Публика рукоплескала любимому артисту-комедианту. Человек подошел к микрофону и, как-то по-детски легко и задорно улыбнувшись, заговорил.
Человек говорил, говорил, протягивая руки к людям, как бы желая обнять их: "Люди, бедные братья мои, ваш разум, с детства запуганный злом, растит стены вокруг вашей души и остается в замкнутом пространстве один на один со своим страхом – иллюзией вездесущего зла. А та ваша душа, которую так тщетно пытались укрыть от боли и слез, бьется о стены в крике одиночества, желая услышать ответ, желая свободы, тепла, света… Но поднимите глаза свои к солнцу, и вы увидите, оттого оно вечно могуче и прекрасно, что рожденное Божьей волей, льет лучами добра и радости свою душу, не закрываясь в страхе перед злом. Выпустите из темниц свои души и обогретые солнцем они сольются вместе с ним. И исчезнет страна Заходящего солнца оттого, что разум слитых воедино сердец не меркнет. И исчезнет зло, живущее в подвале одиноких запуганных душ".
Человек говорил, протягивая руки к людям. Шек, Шек… Рассекая крылами воздух, летела его душа, подобно белой птице, обретшей столь желанную ей свободу. Публика не аплодировала и не смеялась. Она смотрела на человека, как на безумца, множеством глаз, распахнутых ужасом.

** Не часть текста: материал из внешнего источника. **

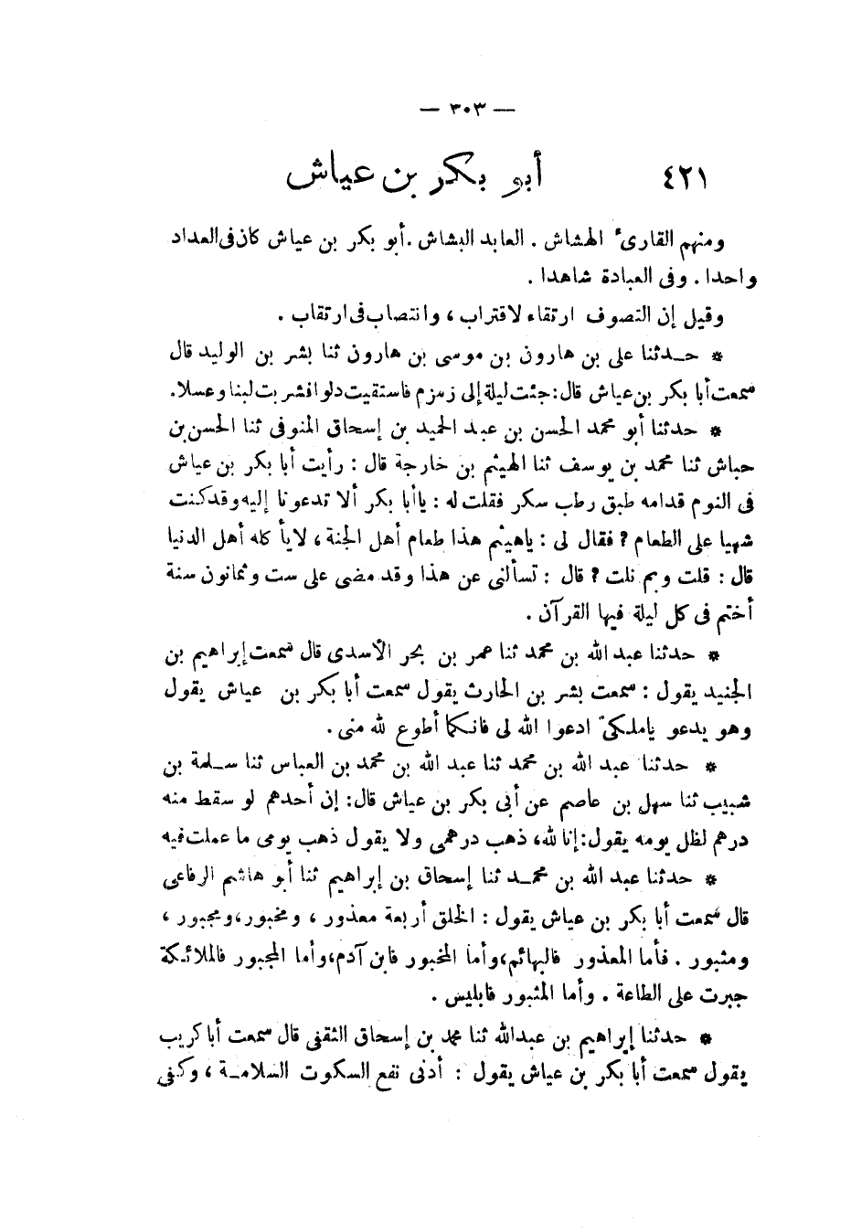 §أَبُو بَكْرِ بْنُ عَيَّاشٍ وَمِنْهُمُ الْقَارِيءُ الْهَشَّاشُ الْعَابِدُ الْبَشَّاشُ أَبُو بَكْرِ بْنُ عَيَّاشٍ كَانَ فِي الْعُدَادِ وَاحِدًا وَفِي الْعِبَادَةِ شَاهِدًا. وَقِيلَ: إِنَّ التَّصَوُّفَ ارْتِقَاءٌ لِاقْتِرَابٍ وَانْتِصَابٌ فِي ارْتِقَابٍ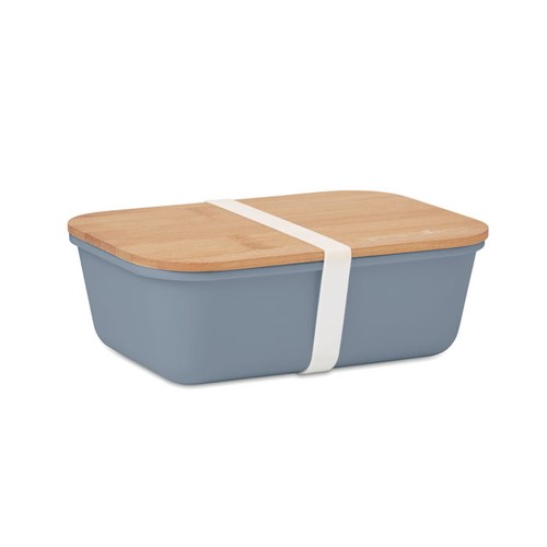 Boîte à lunch ou à sandwich en PP avec couvercle en bambou. Contenance : 1L. Le bambou est un produit naturel, et présente de légères variations de couleur, de décoration et de tailles.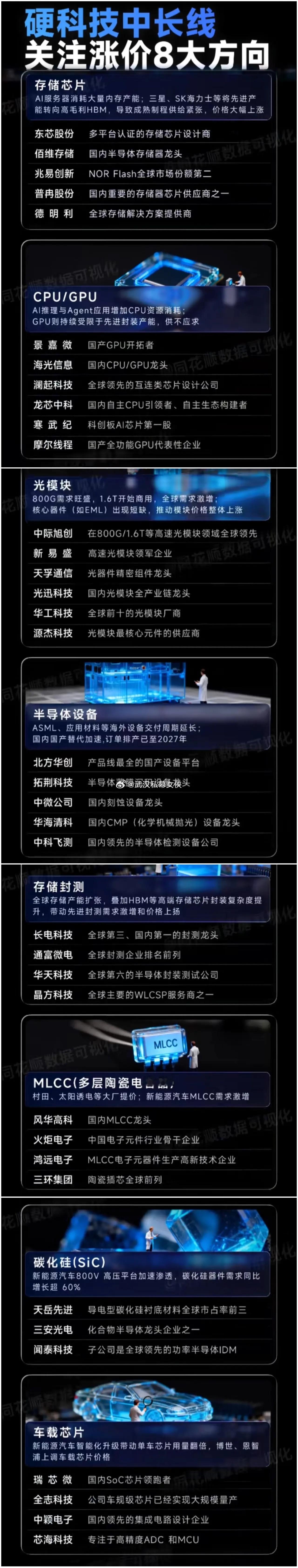 硬核科技中长线聚焦8大涨价主线,核心逻辑为供需缺口+国产替代+技术迭代,以下是各方向核心龙头与关键信息:一、存储芯片涨价逻辑:大厂减产+AI/端侧需求激增,DDR4一季度涨约50%,NORFlash涨20%-30%。龙头:兆易创新(603986)、佰维存储(688525)、普冉股份(688766)。二、光模块涨价逻辑:800G需求爆发、1.6T商用,核心器件短缺推价。龙头:中际旭创(300308)、新易盛(300502)、天孚通信(300394)。三、半导体设备涨价逻辑:海外交期18-24个月,国产替代加速,订单排至2027年。龙头:北方华创(002371)、中微公司(688012)、拓荆科技(688072)。四、存储封测/HBM涨价逻辑:HBM封装复杂度提升,先进封装ASP倍增。龙头:长电科技(600584)、通富微电(002156)、华天科技(002185)。五、碳化硅(SiC)涨价逻辑:800V高压平台渗透,器件需求同比增60%+。龙头:天岳先进(688234)、三安光电(600703)、露笑科技(002617)。六、算力CPU/GPU涨价逻辑:AI算力需求爆发,Intel/AMD涨价15%-20%,供给缺口扩大。龙头:海光信息(688041)、龙芯中科(688047)、景嘉微(300474)。七、被动元件(MLCC等)涨价逻辑:原材料上涨,国内外厂商提价,AI/汽车需求拉动[(微博)]。龙头:三环集团(300408)、风华高科(000636)、顺络电子(002138)。八、稀有金属/材料涨价逻辑:资源稀缺+战略储备+半导体/新能源需求,钨、锑、锗等涨价。龙头:厦门钨业(600549)、湖南黄金(002155)、锡业股份(000960)。投资要点中长线以国产替代+技术壁垒+产能扩张为核心筛选标准,关注业绩兑现与订单增长。

А где-то там над сизой дымкой цветущих садов, прощаясь с землей, умирало солнце. По небу от его падающего тела расходились алые волны, впитываясь в окружающий мир. И всё: облака, ветви деревьев, травы – ответно взмывали к солнцу с грустью. Грусть была легкой, чистой и торжественной, как соловьиная песня, летящая от земли к небу. Туда, где в алом тонула стая белых птиц.